2020-08-20	search: add mset_to_artnums method
	We can avoid importing mdocid() in several places by using this method, simplifying callers.
2020-08-20	init+index: support --skip-docdata for Xapian
	Since we no longer read document data from Xapian, allow users to opt-out of storing it. This breaks compatibility with previous releases of public-inbox, but gives us a ~1.5% space savings on Xapian storage (and associated I/O and page cache pressure reduction).
2020-08-20	smsg: remove from_mitem
	We no longer read docdata.glass from anywhere in our code base. Some adjustments were needed to t/search.t to deal with the Xapian::WritableDatabase committing at different times, since our ->query is avoided from PublicInbox::SearchIdx to avoid needing a {over_ro} field.
2020-08-20	mbox: avoid Xapian docdata in search results
	Another place where we can reduce kernel page cache overhead by hitting over.sqlite3 instead of docdata.glass.
2020-08-20	extmsg: avoid using Xapian docdata
	Once again, over.sqlite3 contains everything necessary for Message-ID resolution. Also, Xapian may be completely unnecessary with the advent of over.sqlite3, but that's for another time.
2020-08-20	searchview: convert nested and Atom display to over.sqlite3
	git blob retrieval dominates on these, "&x=t" (nested) is roughly the same due to increased overhead for ->get_percent storage balancing out the mass-loading from SQLite. Atom "&x=A" is sped up slightly and uses less memory in the long-lived response.
2020-08-20	searchview: speed up search summary by ~10%
	Instead of loading one article at-a-time from over.sqlite3, we can use SQL to mass-load IN (?,?, ...) all results with a single SQLite query. Despite SQLite being in-process and having no network latency, the reduction in SQL query executions from loading multiple rows at once speeds things up significantly. We'll keep the over->get_art optimizations from the previous commit, since it still speeds up long-lived responses, slightly.
2020-08-20	searchview: use over.sqlite3 instead of Xapian docdata
	This is a step towards improving kernel page cache hit rates by relying on over.sqlite3 for document data instead of Xapian. Some micro-optimization to over->get_art was required to maintain performance.

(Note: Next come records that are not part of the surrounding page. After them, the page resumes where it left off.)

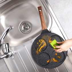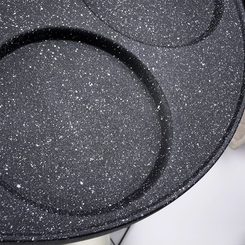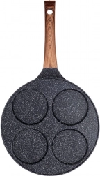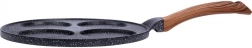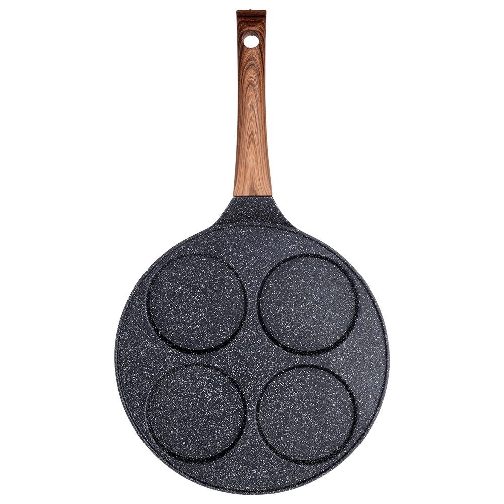 Stilren pande fra BLACK&WOOD-serien i den populære kombination af sort stenlook og træ gør det nemt at tilberede æg, æbleskiver og mini-pancakes. Fire dedikerede huller hjælper med at holde den ideelle form og størrelse, mens aluminiumskroppen med jævn varmefordeling forkorter tilberedningstiden og sparer energi.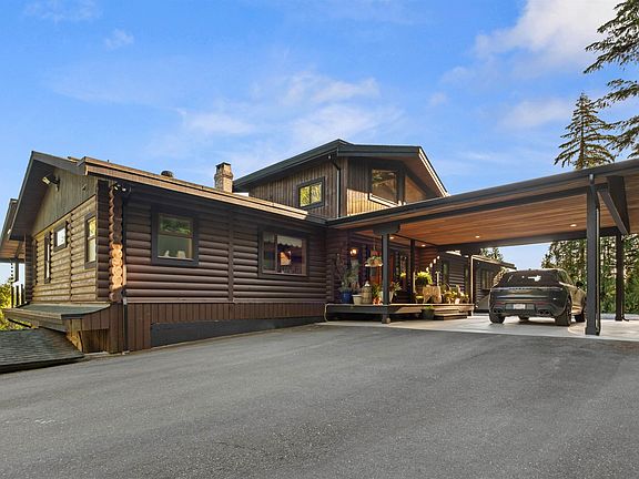 Welcome to your private paradise! This spectacular custom 4,188 sqft log home features 180 degree panoramic views while nestled on a sprawling 5.01 acres. Incredible wood work through out the home. Tons of natural sunlight into games room, kitchen and large living room with vaulted ceilings. Upgraded kitchen with pantry is an entertainers dream with Dacor appliances, an expansive island and a dedicated eating area. Primary bedroom is on the main floor with a walk-in closet and a spacious ensuite bathroom. In the basement, the laundry and 2 bedrooms with a full bathroom await as well as a spacious living room. The property also includes a 2,780 sqft detached heated garage with 3 bay doors with space for RV parking inside w/200amp service. Amazing outdoor lighting throughout the property.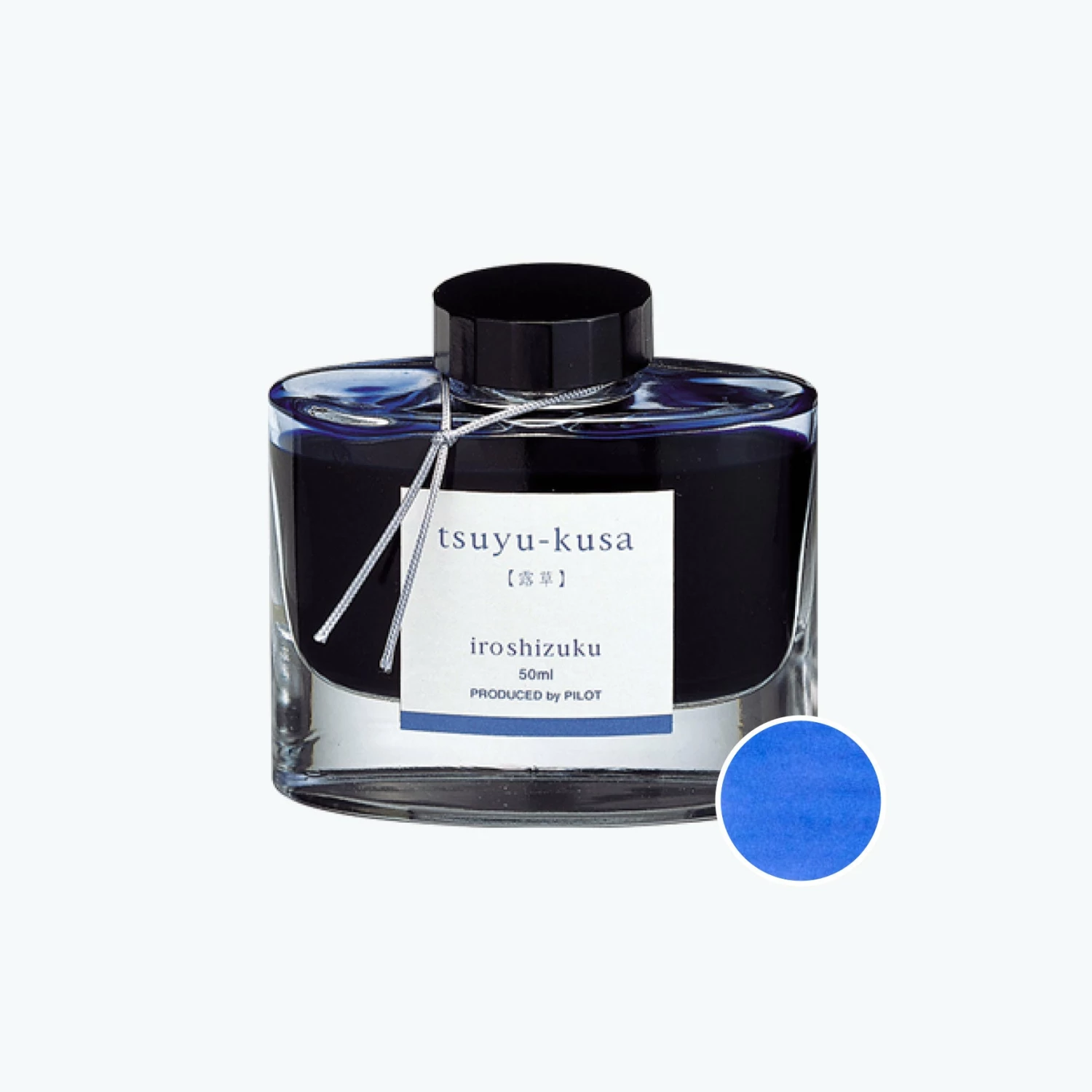 IroshizukuΒ is a dye based ink that comes in an elegant 50mL glass bottle with a wide opening for larger pens and an angled base, making it easier to reach the last few drops.Β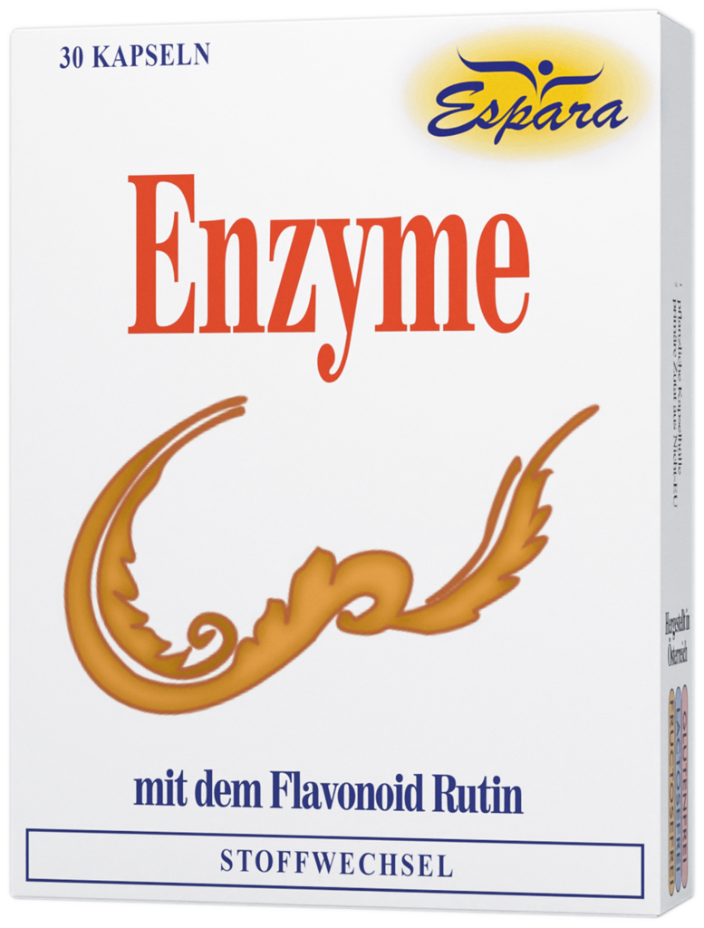 Nahrungsergänzungsmittel mit Enzymen und Rutin. Die pflanzliche Kapselhülle DRCAPSTM sorgt für eine verzögerte Freisetzung und schützt so die Enzyme vor der Magensäure.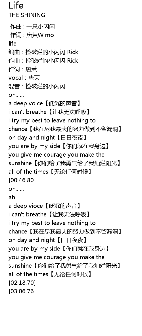 | [00:00.00] | biān qǔ: jiǎn pò làn de xiǎo shǎn shǎn Rick |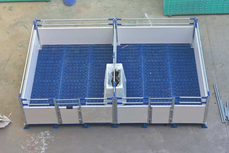 This pen system is designed for modern pig farms, covering nursery, growing, and group housing stages. The structure combines durable galvanised steel frames with high-quality plastic or composite slatted flooring to ensure a clean, dry, and comfortable environment for pigs.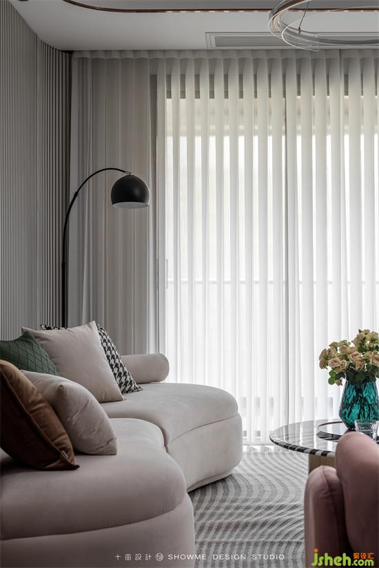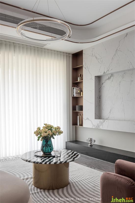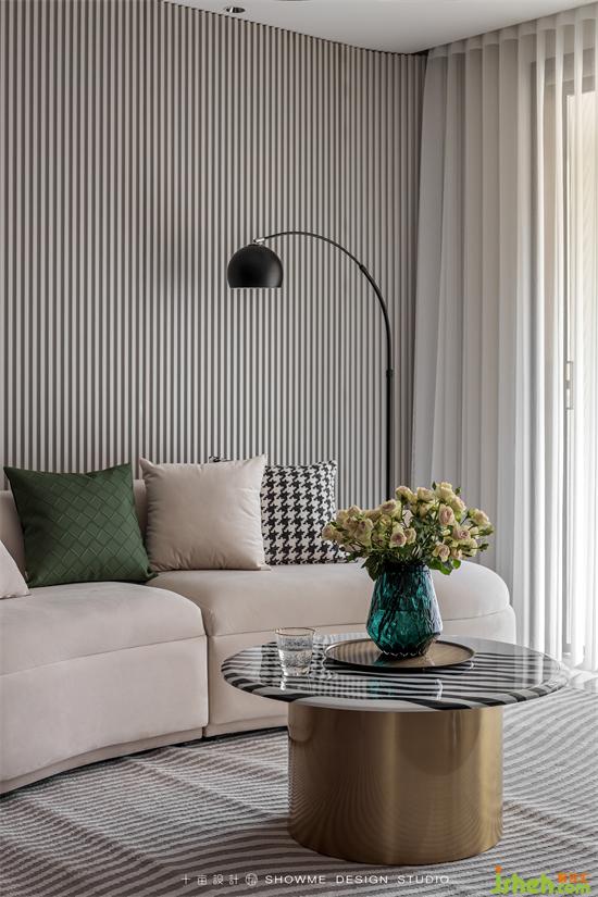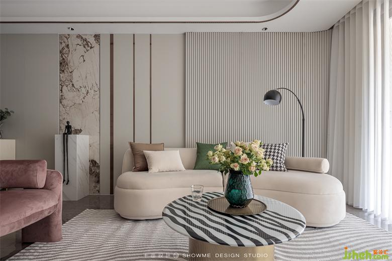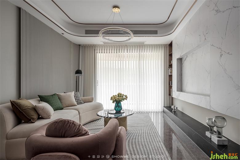 淺咖的底色基調(diào)讓空間治愈感滿滿,沙發(fā)背后大面積的墻面通過同色系的墻板、格柵、巖板搭配嵌入式燈光、金屬條,增加墻面層次的同時又不繁瑣,頤和上院家裝設計質(zhì)感、觀感、時尚感同步在線。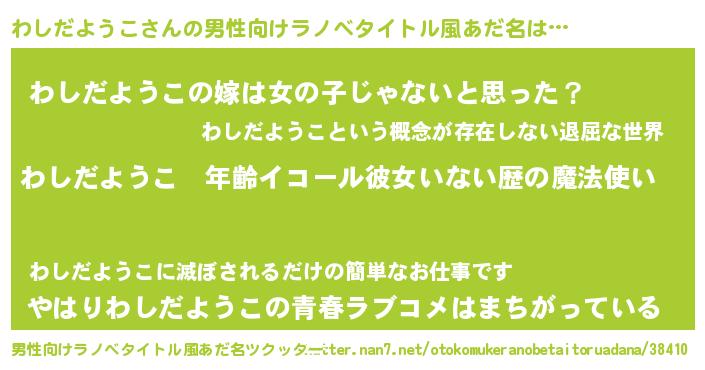 | 女子向けラノベタイトル風あだ名 | 『わしだようこの玉の輿計画!』 |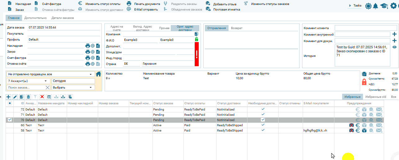 Если перейти к истории заказа, то можно увидеть, что заказ 73 получился путем слияния заказов 70,71,72.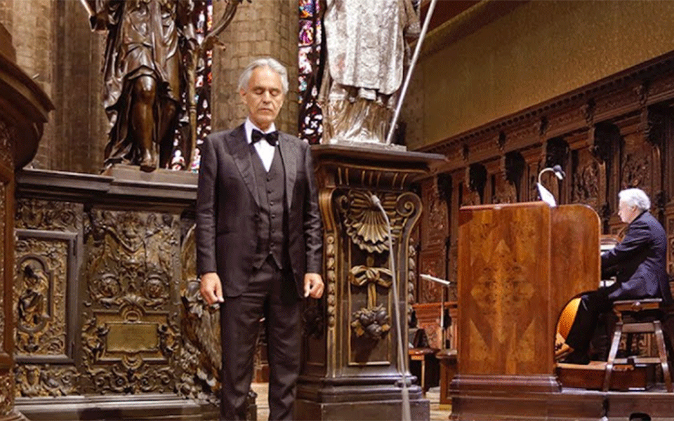 Ο σπουδαίος τενόρος τραγούδησε live για μισή ώρα από τον άδειο καθεδρικό ναό Duomo στο Μιλάνο, πρωτεύουσα της Λομβαρδίας και επίκεντρο της επιδημίας του Covid-19, έχοντας στο πλευρό του μόνο τον οργανοπαίχτη Emanuele Vianelli που τον συνόδευσε.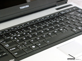 Das Toshiba Satellite A-100 153 bietet eine für 15" Geräte normalgroße Tastatur. Die Tasten sind zwar etwas wackelig und bieten jedoch ein weiches Schreibgefühl. Trotzdem konnte ich damit angenehm und fehlerfrei tippen.
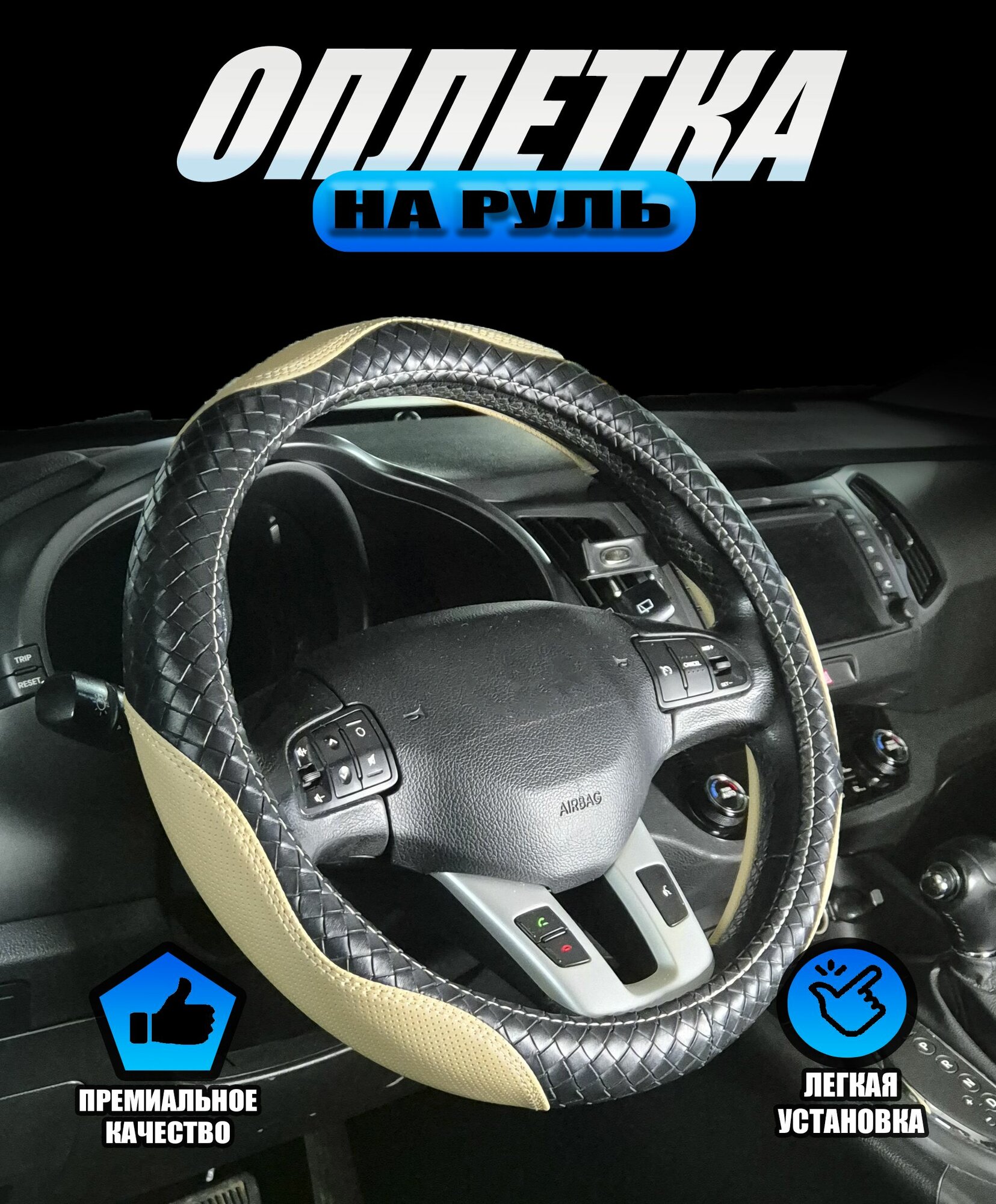 Оплетка, чехол (накидка) на руль Митсубиси Делика Д:3 (2011 - 2019) минивэн / Mitsubishi Delica D:3, экокожа, Черный и бежевый интересное: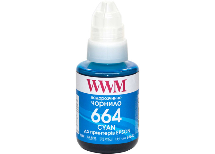 Синие водорастворимые чернила WWM E664C Cyan (140г) для заправки принтеров EPSON L100, L110, L120, L121, L130, L1300, L132, L1455, L200, L210, L220, L222, L300, L3050, L3060, L3070, L312, L350, L355, L362, L364, L365, L366, L382, L386, L455, L456, L486, L550, L555, L566, L605, L655.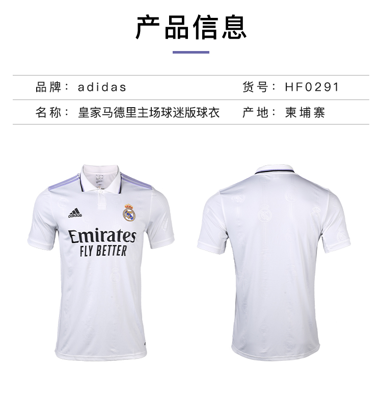 ADIDAS/阿迪达斯 REAL H JSY 22-23赛季皇家马德里主场球迷版比赛球衣HF0291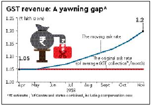 Based on the Centre’s budget estimates of CGST, IGST and compensation cess and assuming SGST to be equal to CGST minus budgeted compensation cess proceeds, the total GST collections required to meet the target is `12.57 lakh crore, or about `1.05 lakh crore a month. Against this, the average collection in April-November period was just `97,050 crore. This would mean that in the last four months of the fiscal, the total GST collections (Centre plus states) should be `4.8 lakh crore, or `1.2 lakh crore/month to meet the estimates.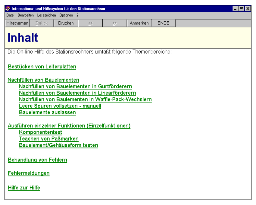 Das Hauptfenster des Hilfesystems für den Stationsrechner wird geöffnet (siehe Abb. 9.1 - 1).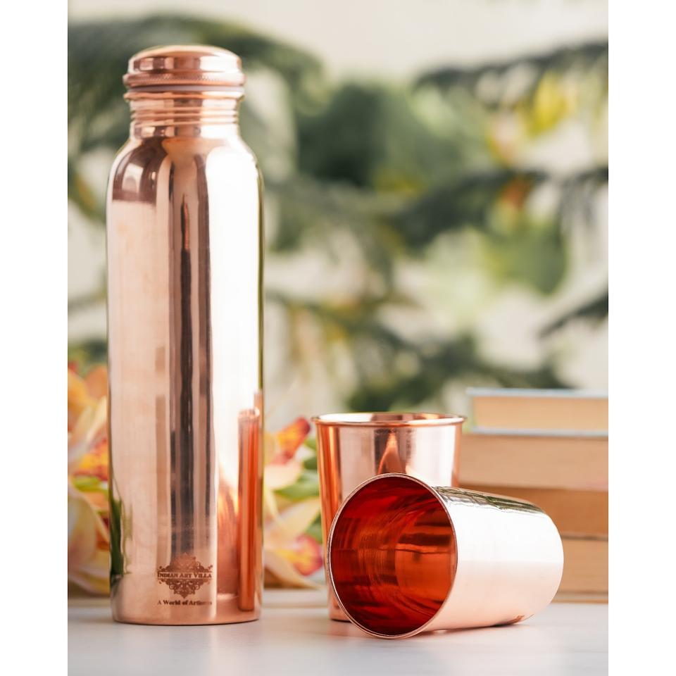 IndianArtVilla Pure Copper Plain Shine Finish Drinkware Set with Bottle & 2 Glasses in Pastel Yellow Box for Stroage & Drinking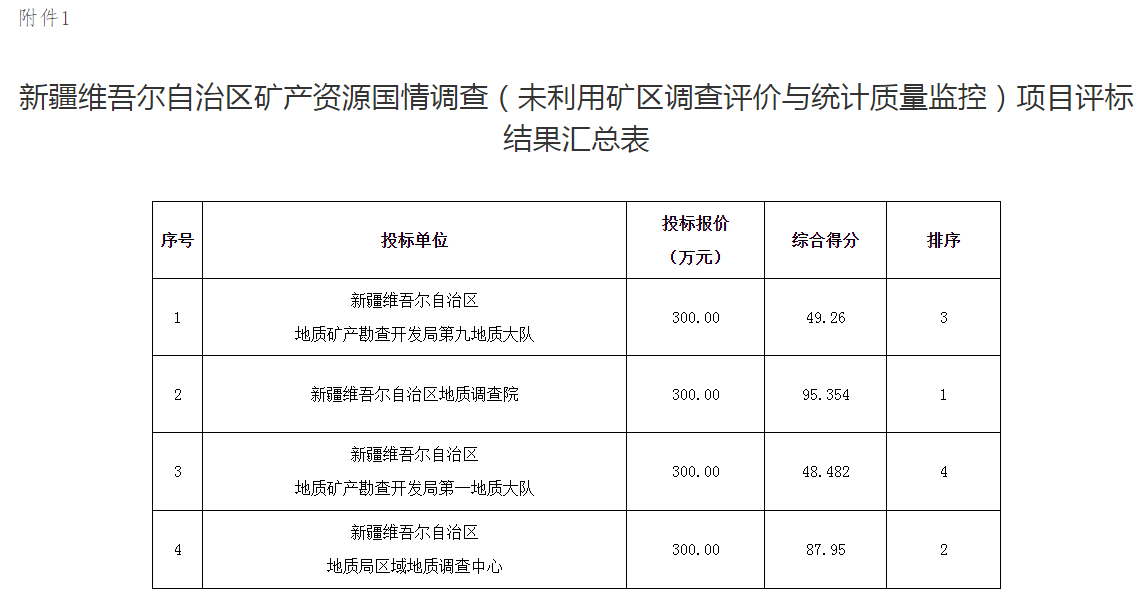 1.新疆維吾爾自治區(qū)礦產(chǎn)資源國(guó)情調(diào)查(未利用礦區(qū)調(diào)查評(píng)價(jià)與統(tǒng)計(jì)質(zhì)量監(jiān)控)項(xiàng)目評(píng)標(biāo)結(jié)果匯總表

2020-08-20	smsg: reduce utf8::decode call sites
	Both callers of load_from_data call utf8::decode, so just do utf8::decode in load_from_data.
2020-08-20	search: make qparse_new an internal function
	We'll probably be reusing it from another package in a future commit.
2020-08-20	searchquery: split off from searchview
	Since this was already a separate package, split it off into its own file since SearchView may not handle inbox groups.
2020-08-20	search: export mdocid subroutine
	No need to have awkward globrefs for this.
2020-08-20	search: improve comments around constants
	We'll probably be adding more value columns like THREADID to sort on.
2020-08-20	www: reduce long-lived PublicInbox::Search references
	While this is unlikely to be a problem in current practice, keeping Xapian DBs open for long responses can interfere with free space recovery after -compact. In the future, it will interfere with inbox search grouping and lead to unexpected results.
2020-08-20	xapcmd: simplify {reindex} parameter passing
	No need to localize it, here, since we can just refer to it in the `$opt' hashref. Hopefully this improves readability for others like it does for me. I sometimes wonder if the concept of a stack in high-level languages is even necessary...
2020-08-20	search: v2: ensure shards are numerically sorted
	This seems required to correctly get the NNTP article number from Xapian docid on combined Xapian DBs. The default (ASCII-betical) sorting was only acceptable for -imapd users until somebody hit 11 (or more) shards, which is a rare case.
2020-08-20	admin: progress shows the inbox being indexed
	This is helpful with --all, or when multiple inboxes are being indexed.